Another thing I’d say was a blind spot for me was the emotional vulnerability. Some of these cascade off of one another, for example, transitioning from a mono marriage of a decade and a half, and NOT being bluntly told, or knowing the old marriage/relationship was dead and a new one forged, BUT being soft sold or suggesting minimal impact. When reality hit, and I expressed the withdrawal, changes in behavior and routines, maybe even expressed the beginning stages of demotion, displacement and/or intrusion, to have that dismissed as, “That's just your jealousy talking,“ implying it was “just in my head"-- that turned my emotional vulnerability into a weak spot which could be used as a weapon.

Nobody seriously thinks about finite-resource allocation in a long-term mono marriage. It’s a default setting. It isn’t until you start really feeling it that it seems to matter that you have a part time wife/lover/mother. I’m not just talking about a physical displacement or absence, I’m also talking about mentally being off somewhere on a device and the priorities having been shifted.
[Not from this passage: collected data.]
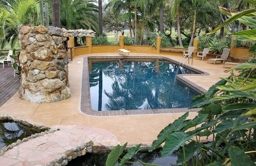 It features organic fruit trees, three private patios with waterfalls abound, including frogs and koi fish.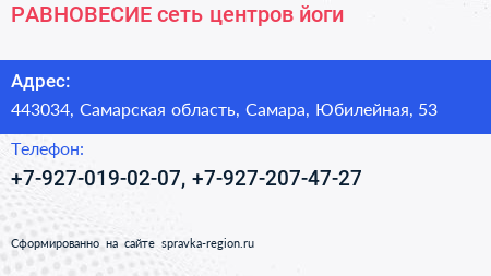 РАВНОВЕСИЕ, сеть центров йоги по адресу 443034, Самарская область, Самара, Юбилейная, 53 в дальнейшем Организация, размещена в следующих категориях: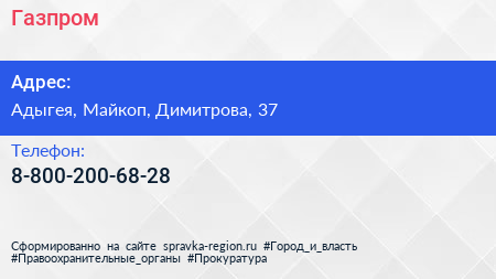 Газпром по адресу Адыгея, Майкоп, Димитрова, 37 в дальнейшем Организация, размещена в следующих категориях: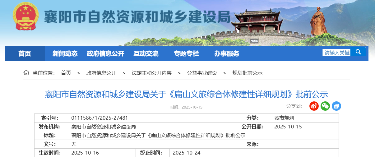近日,襄阳市自然资源和城乡建设局发布关于《扁山文旅综合体修建性详细规划》批前公示。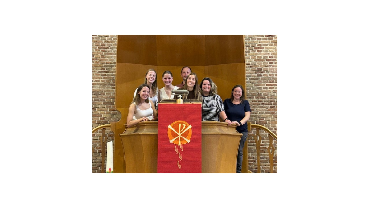 De zanggroep van weleer oefende voor de uitwijdingsdienst (7-9-25): zij zwaaien met zang mee uit! Per ongeluk kruisten onze wegen. En dat zorgde voor een spontaan idee. ik vroeg om kansel-vulling En ik kreeg kansel-vulling. Zijn dit mij opvolgers?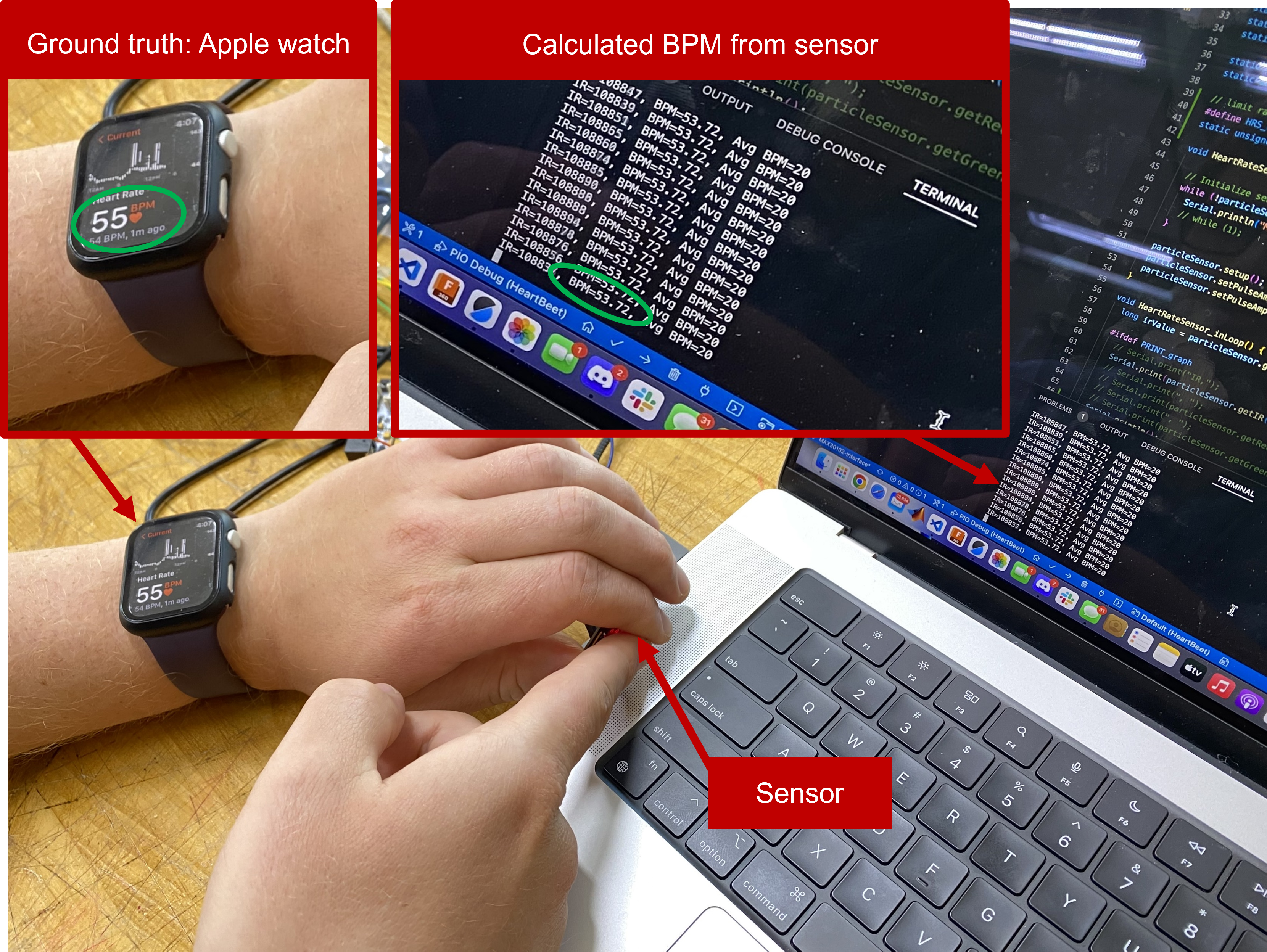 We conducted a short test to validate our calculated heart rate using the absorbance sensor (Figure A2). We found that the heart rate our device reported was accurate within approximately +/- 2 BPM when compared to the Apple watch. This is an acceptable error, given that the Apple watch likely averages over a number of heartbeats, and our device currently only reports the BPM based on the last beat time.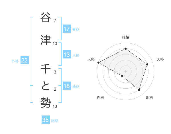 谷津 千と勢さんを姓名の画数から五運を鑑定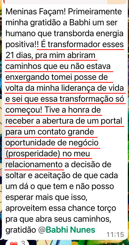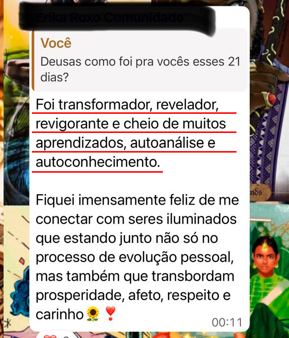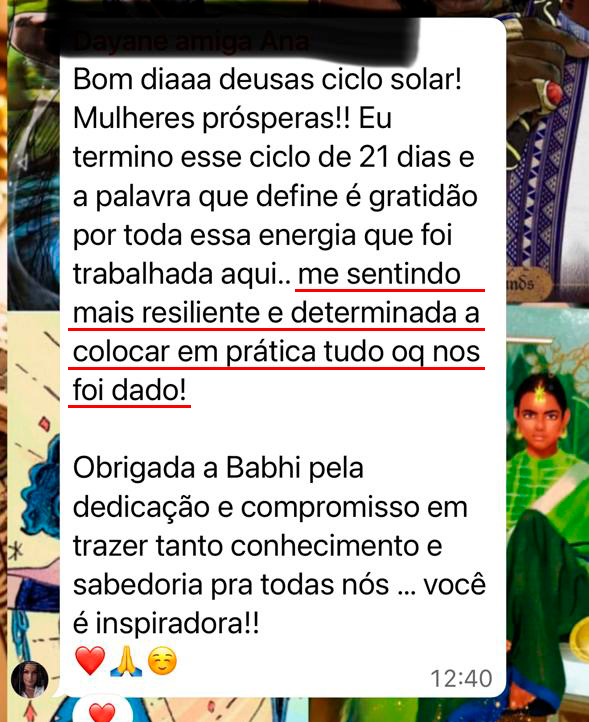 Você recebe em um grupo fechado um resumo do que foi trabalhado, com insights e orientações para sustentar a energia.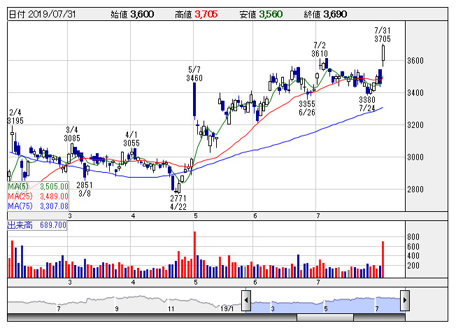 20年3月期通期業績予想は、第1四半期に受注した下期売り上げ計上予定の中央官庁向け大型プロダクトの販売を見込み、売上高を従来予想の2800億円から2860億円(前期比7.8%増)へ上方修正した。なお、営業利益272億円(同5.9%増)、純利益180億円(同5.2%増)は従来見通しを据え置いている。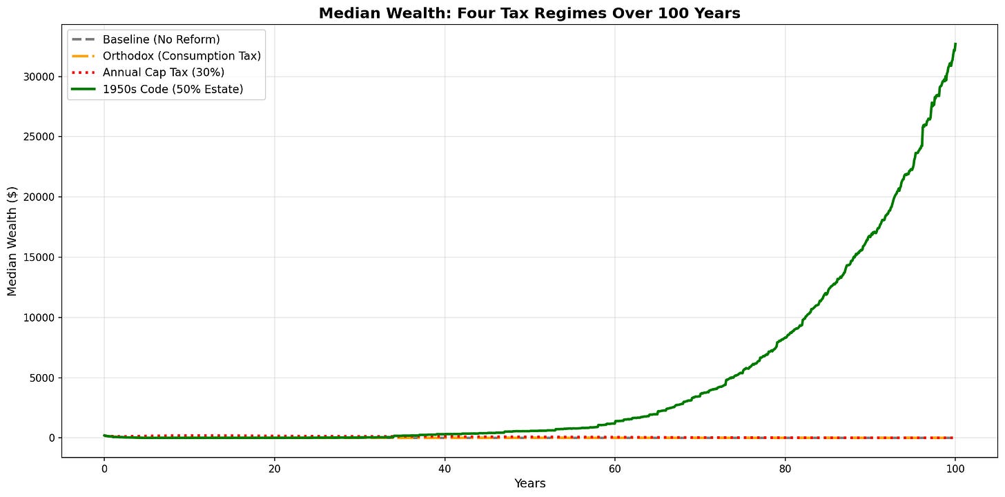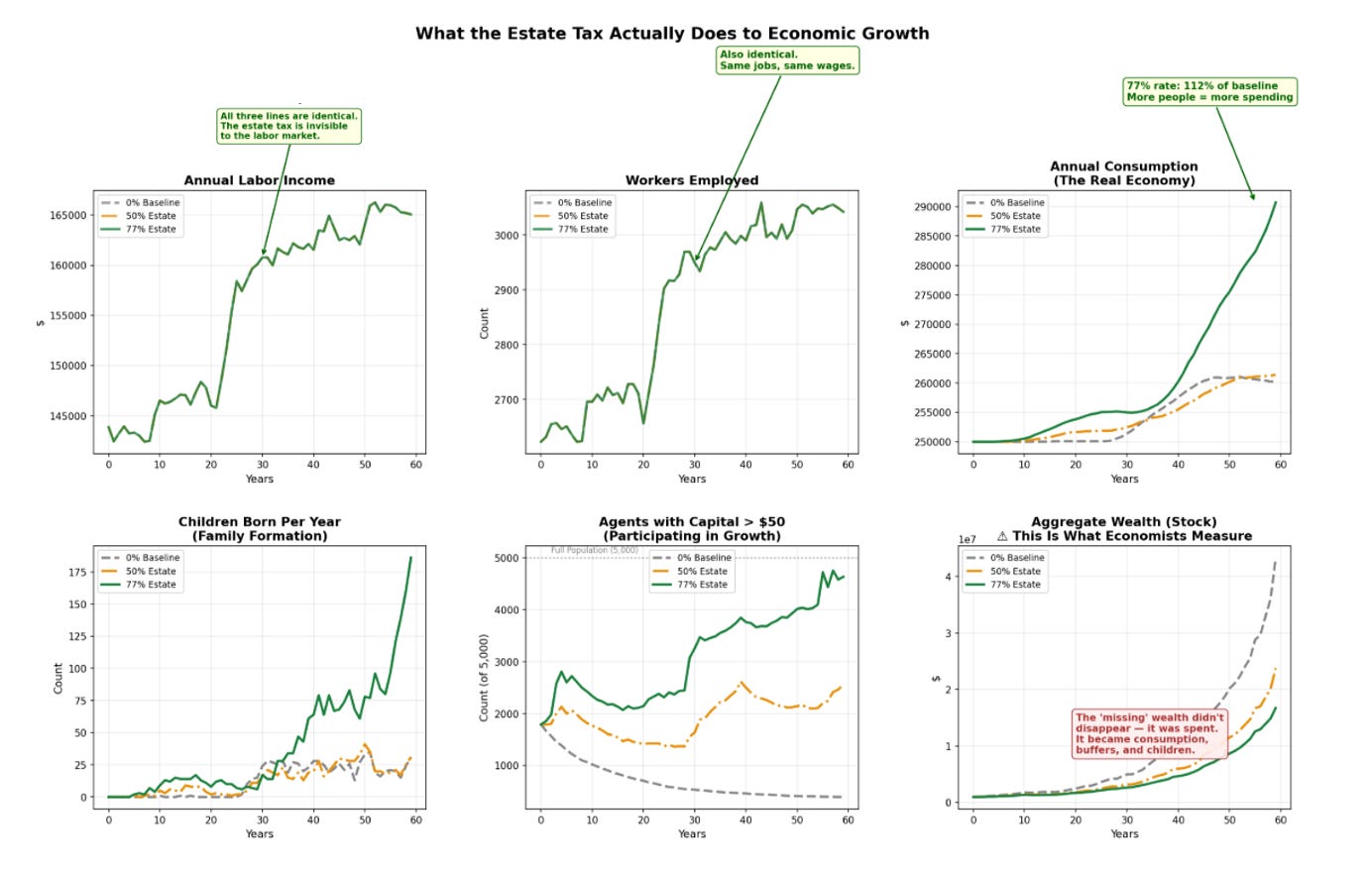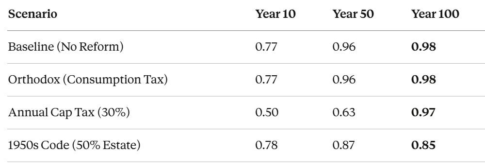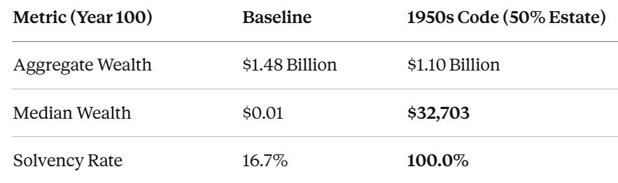The Gerontocracy doesn’t vanish entirely; older agents have compounded longer, and they should be wealthier. But the 50% estate tax reduces the dynastic acceleration that turns retirees into a separate economic species. It clips the tail of the distribution at the exact point where intergenerational transfer would otherwise create an aristocracy. The 77% rate “solves it.”

This is a last minute edit a day later but Loss of Consistency in thought or argument and definitely in action or routine. I think we had a fairly consistent logical pattern of thought and communication and thus life. Not to say there was agreement on all topics or even grand disagreements but rather a consistent basis to work through each others logic or point. With the introduction of poly arguments or points seem to be centered on justification and once those arguments gave way to a contradictory statement then that argument / point was discarded for a new one. SAME situation would happen with a given behavior. EVEN topics unrelated to poly or the marriage become emotionally charged topics because it becomes the swirl / spin cycle.